* About this task *
Copy each line below exactly as it appears. Pictures are to be omitted.
*** Data excerpt Section Begins ***
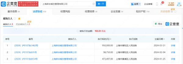 企查查信息显示,3月25日,上海麻吉餐饮管理有限公司新增一则被执行人信息,执行标的95万元。
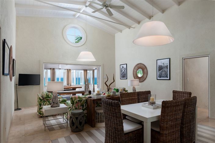 A delightful covered wooden dining terrace joins the indoors with the outdoors. The traditional Caribbean shutters make this a cool place to enjoy a meal.
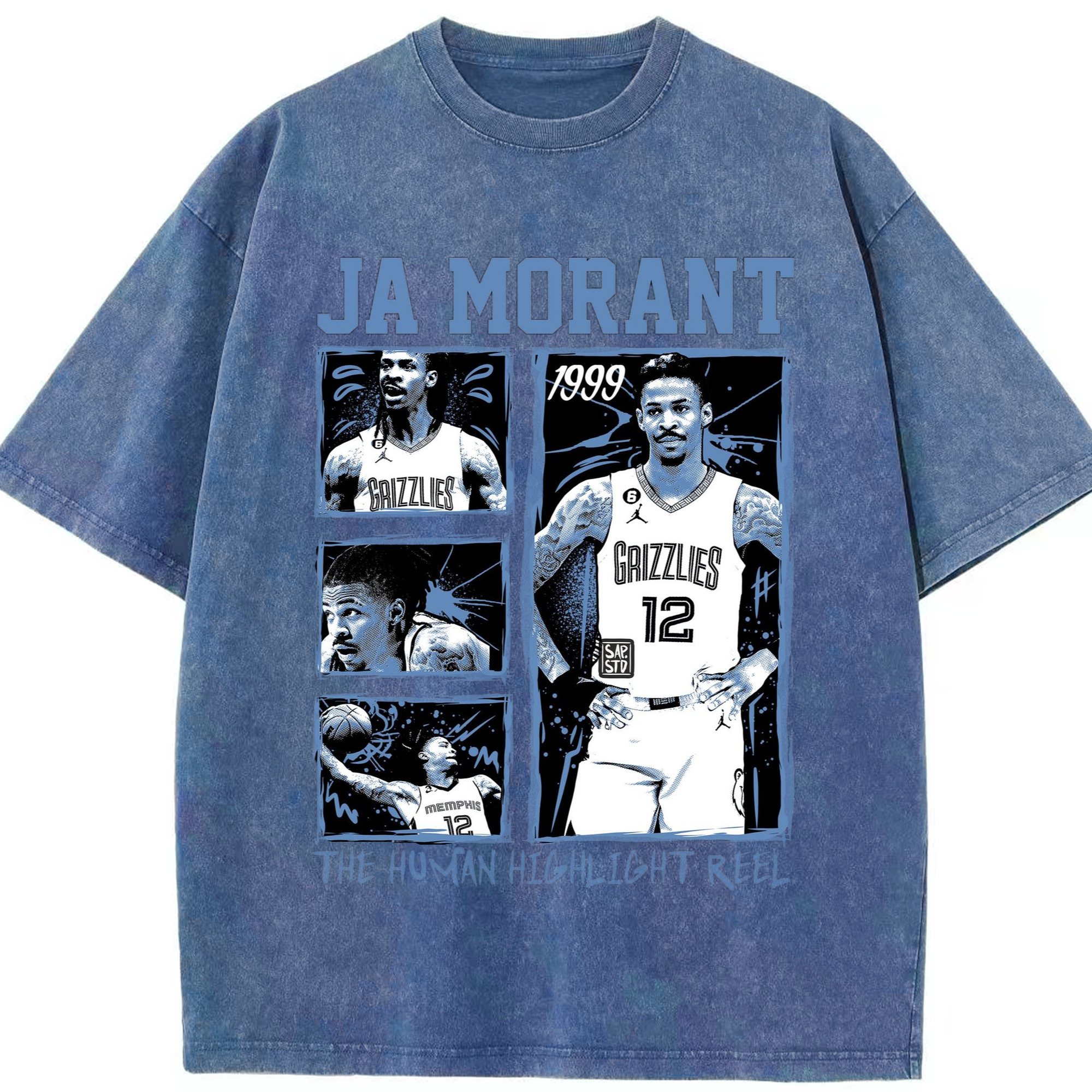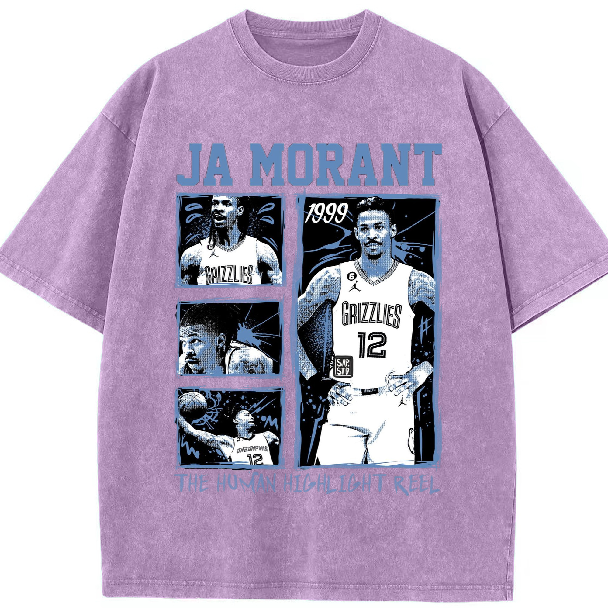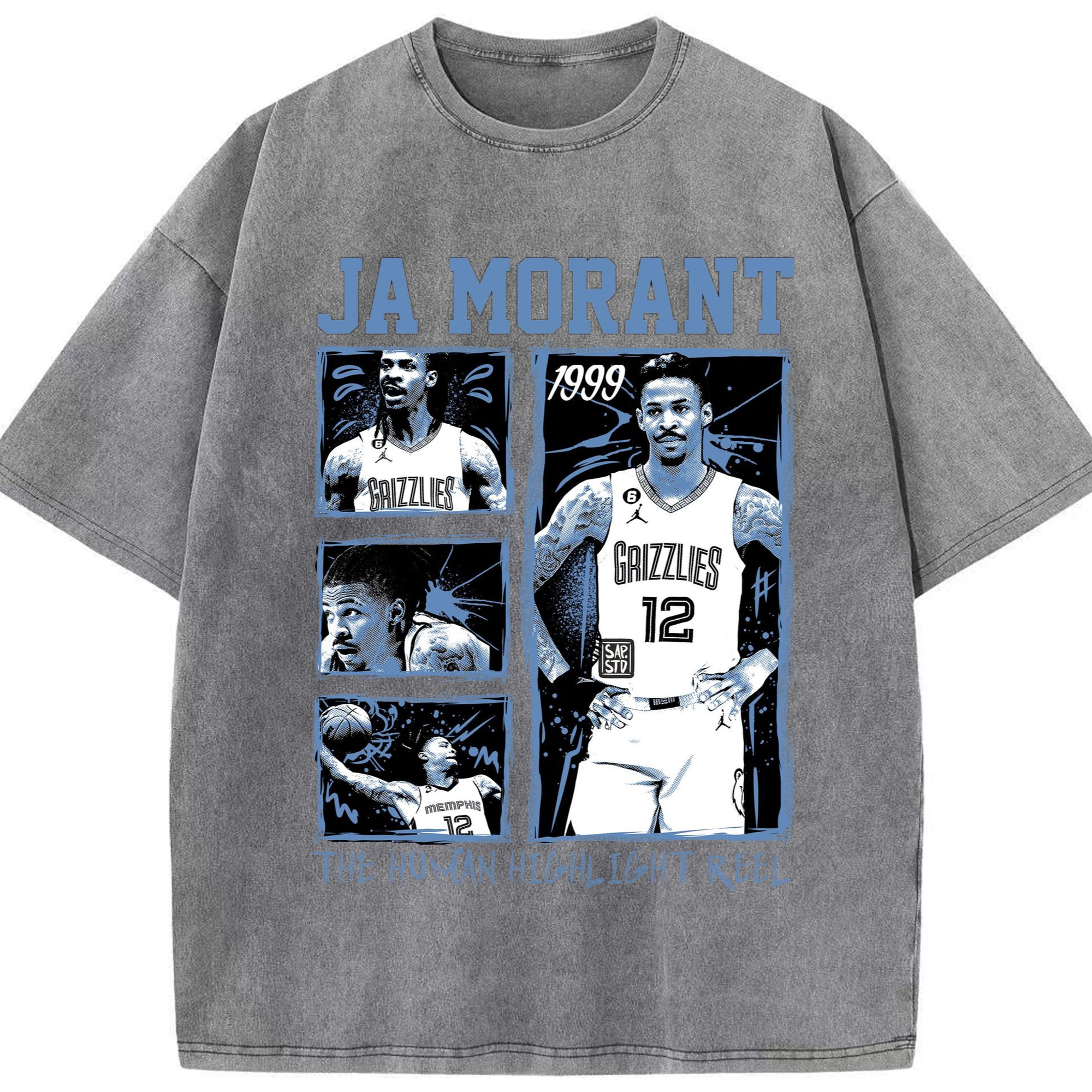 Memphis Grizzlies #12 Ja Morant T-shirt​ - Washed Vintage Look 230g Cotton Oversized T-Shirt With Front Heat Transfer Print – Soft, Lightweight, Stylish Fit – Comfortable Casual Wear For Sports & Everyday Use
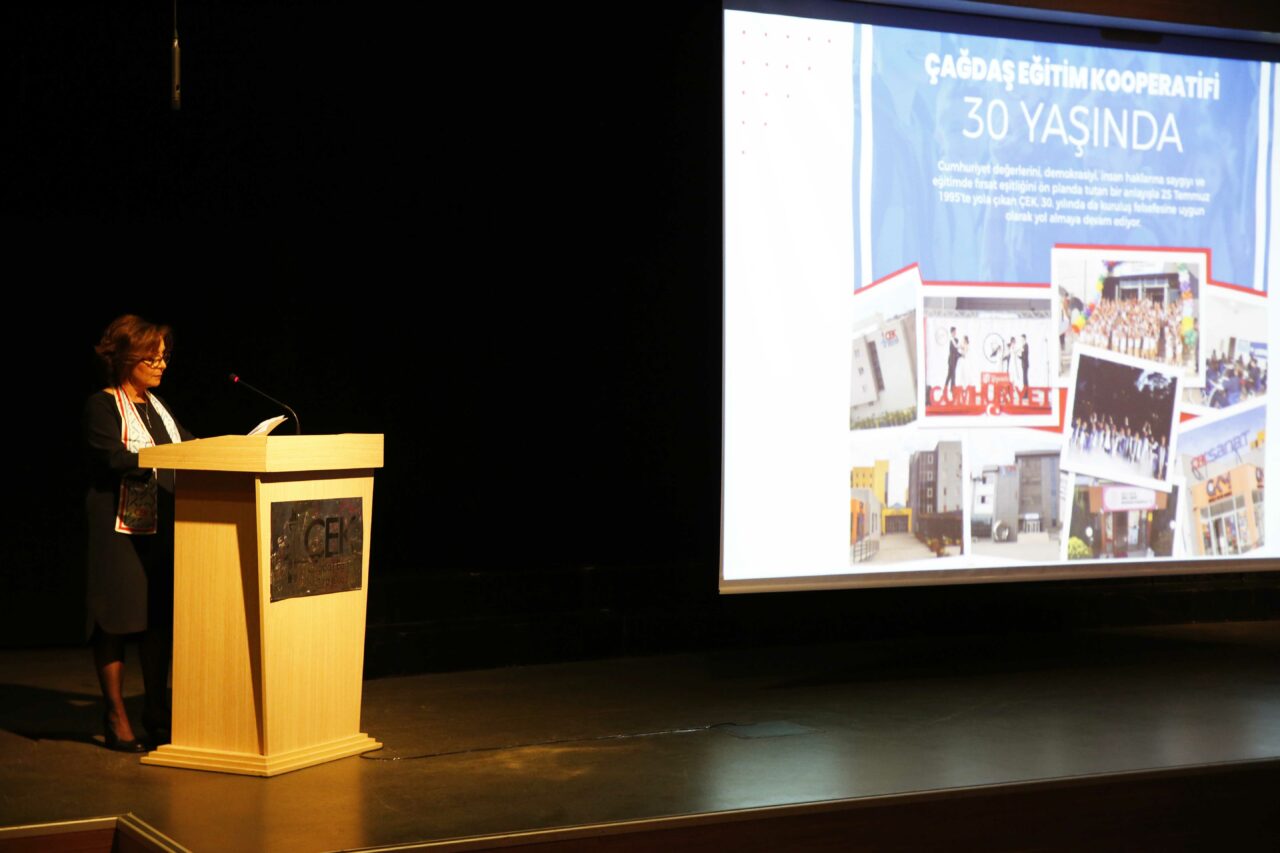 Çağdaş Eğitim Kooperatifi 3 Mart Eğitim Kurumları Yerleşkesi Konferans Salonu’nda 18 Nisan Cuma günü gerçekleştirilen 18. ÇEK Ödül Töreni, Yönetim Kurulu Başkanı Nihan Alpay’ın ve protokol üyelerinin açılış konuşmasıyla başladı.
*** Data excerpt Section Ends ***
* Solution to the exercise *
 企查查信息显示,3月25日,上海麻吉餐饮管理有限公司新增一则被执行人信息,执行标的95万元。
 A delightful covered wooden dining terrace joins the indoors with the outdoors. The traditional Caribbean shutters make this a cool place to enjoy a meal.
 Memphis Grizzlies #12 Ja Morant T-shirt​ - Washed Vintage Look 230g Cotton Oversized T-Shirt With Front Heat Transfer Print – Soft, Lightweight, Stylish Fit – Comfortable Casual Wear For Sports & Everyday Use
 Çağdaş Eğitim Kooperatifi 3 Mart Eğitim Kurumları Yerleşkesi Konferans Salonu’nda 18 Nisan Cuma günü gerçekleştirilen 18. ÇEK Ödül Töreni, Yönetim Kurulu Başkanı Nihan Alpay’ın ve protokol üyelerinin açılış konuşmasıyla başladı.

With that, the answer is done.